What if you had a chance encounter with an Indian monk that would change your perception about life and transform you into a social entrepreneur?
This is what exactly happened way back in 1984, when Dr. Shib Shankar Dasgupta, Executive Director, Shreeja India met a monk inside a tea stall in Kolkata.
During the conversation, the monk shared with him some pearls of wisdom, which he believed could bring about a constructive change in society:
Make sure that nobody dies of hunger
Make sure that nobody dies without proper medical care
Make sure that no child grows up without education
…and this is how the ideology of Shreeja India was conceptualized.
The Lifestyle Portal in conversation with Founders, Dr. Shib Shankar Dasgupta, Executive Director and Country Head, Hari Dasgupta,
Shreeja India. We’re so glad and honored to share their journey of transforming lives of tribal girls in Bengal for a better tomorrow.

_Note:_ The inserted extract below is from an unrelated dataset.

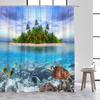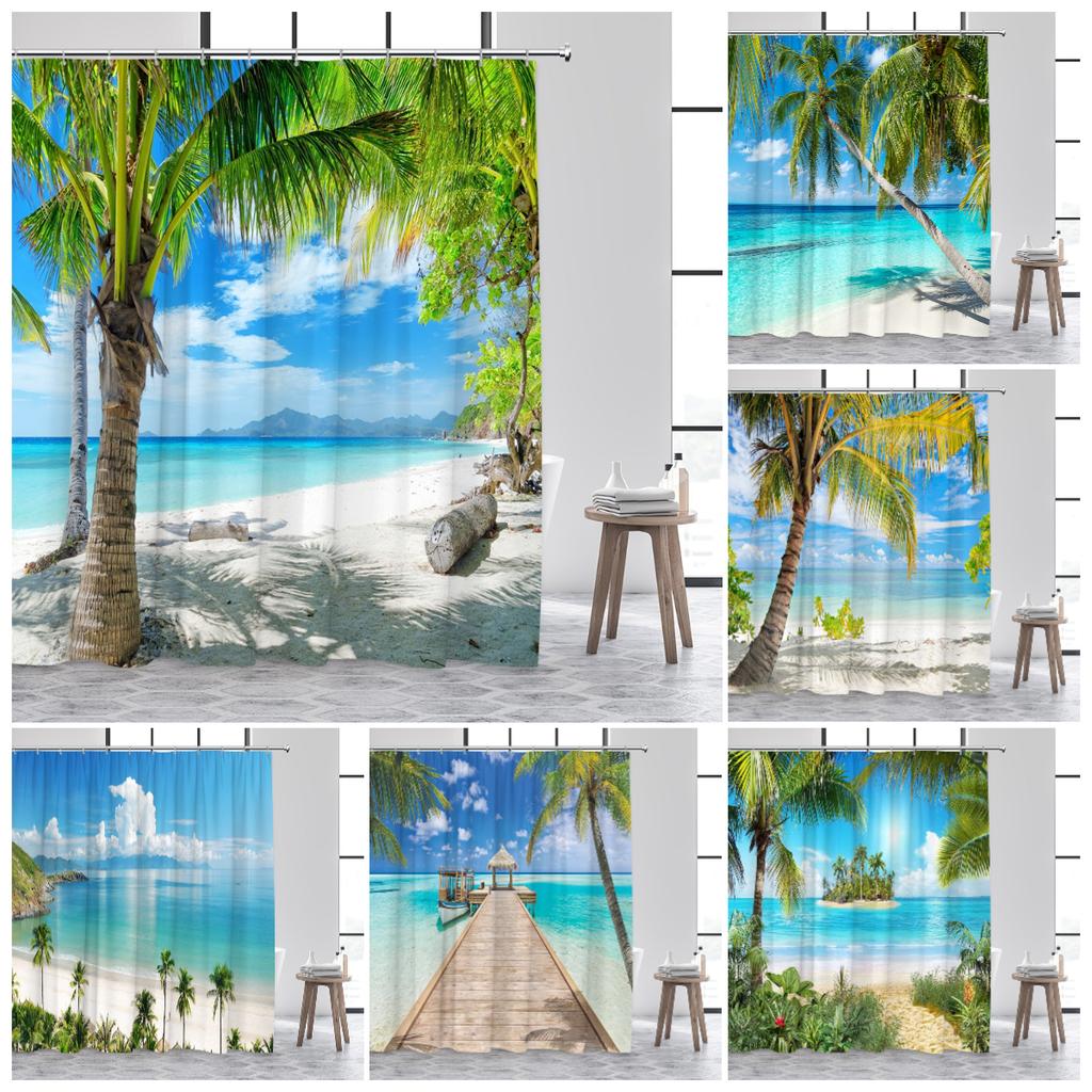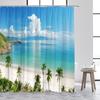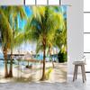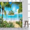 Strand Duschvorhänge Blaues Meer Insel Kokospalmen Tropisch Hawaii Natur Landschaft Badezimmervorhang Dekor mit Haken

Shib Shankar Dasgupta has a Ph.D. from Rensselaer Polytechnic Institute, New York, USA. He is a New York-based social entrepreneur specializing in alleviating poverty through technology. He has worked as a Consultant with various international NGOs, including ‘Save the Children, USA’. As the Founder and Executive Director of Shreeja India, he is currently engaged in empowering young tribal girls through sports-based education in India.
Hari Dasgupta is a Chartered Accountant and retired from Procter and Gamble as the Head of Accounts after a stint of 25 years with the company. Besides drawing up the India Accounts, he was associated with the various business teams by way of analysis and controls. Systems Implementations and MIS were the other core areas of his expertise.
When did it all begin?
Dr. Dasgupta, motivated by the words of the monk, from then on, tried various social projects to fulfill those words which remained with him since 1984. Finally, Shreeja India was registered on February 3, 2017, based on these three ideas, as shared by the monk. Shreeja India aspires to empower every woman, make her self-reliant through education, sports, and life skills. The organization believes that uplifting and educating women is the only and best way to elevate an entire community.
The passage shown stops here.